We are currently in a situation where elected officials are required to uphold laws that have been manipulated and molded by ‘piles of money,’ not people, for the past 100+ years. Many, if not most, people didn’t sign Prop 2 because they believed it would be enacted into law; they did it to protest the current structure of law, and in the hope of changing that structure in the future.
The uproar surrounding Prop 2 exposes the depth of prejudice and absolute inability of people to protect their community and property. I hear more talk about the history of railroad tyranny (especially from right wing people) than ever before. I hear labor people talk about how we can’t stop the terminal from coming, so we might as well ‘pick our poison.’
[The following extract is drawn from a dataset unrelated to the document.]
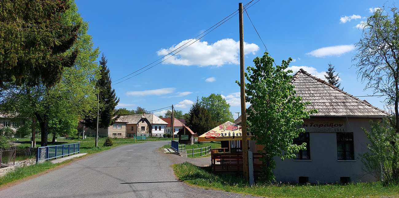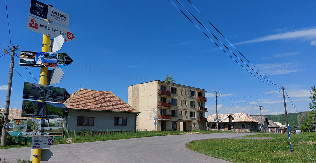 Takže otáčky sa menia na lámačky a môj pohyb postráda akúkoľvek cyklistickú estetiku. Je to našťastie len pár stoviek metrov a naokolo nikoho. Inak už dlhšie som nikoho na bicykli nestretol, zato motorkár prefrčí každú chvíľu. Ani sa nedivím, širšie okolie je na takéto jazdenie ideálne. Za tou "strechou" už lámanie netrvá dlho, stromy ustupujú do strán a zase som na „náhornej plošine“. Víta ma Ábelová. Aj tu vidieť tie kontrasty: nová turistická infraštruktúra a rozpadnuté domy. Krásny kraj, no chudobný:

The second step, after knowledge, is the willingness to shatter our existing framework and change it to something that is actually humane. People are moving closer to that every day. Personally, I’ve been called names on the Bellingham Herald website and been verbally attacked while tabling. In both situations the end results were good. People came out of the crowd to my defense, which called more attention to the issue, and inspired more desire to learn why I was there and willing to endure the assaults of others.
I’m just an average person, one who has spent some time and energy to try to figure out what is going on in this society. And I believe when average folks have the courage to challenge the law, our culture gets the necessary momentum to shift.
Finally, I’ve heard more conversation from retired people, doctors, teachers, accountants, students, etc. about a willingness to tie themselves to the tracks, especially after the judge declared, in essence, that we don’t even have the right to free speech. That’s powerful stuff. When we let go of fear, hope, and constructs that no longer fit, amazing things happen.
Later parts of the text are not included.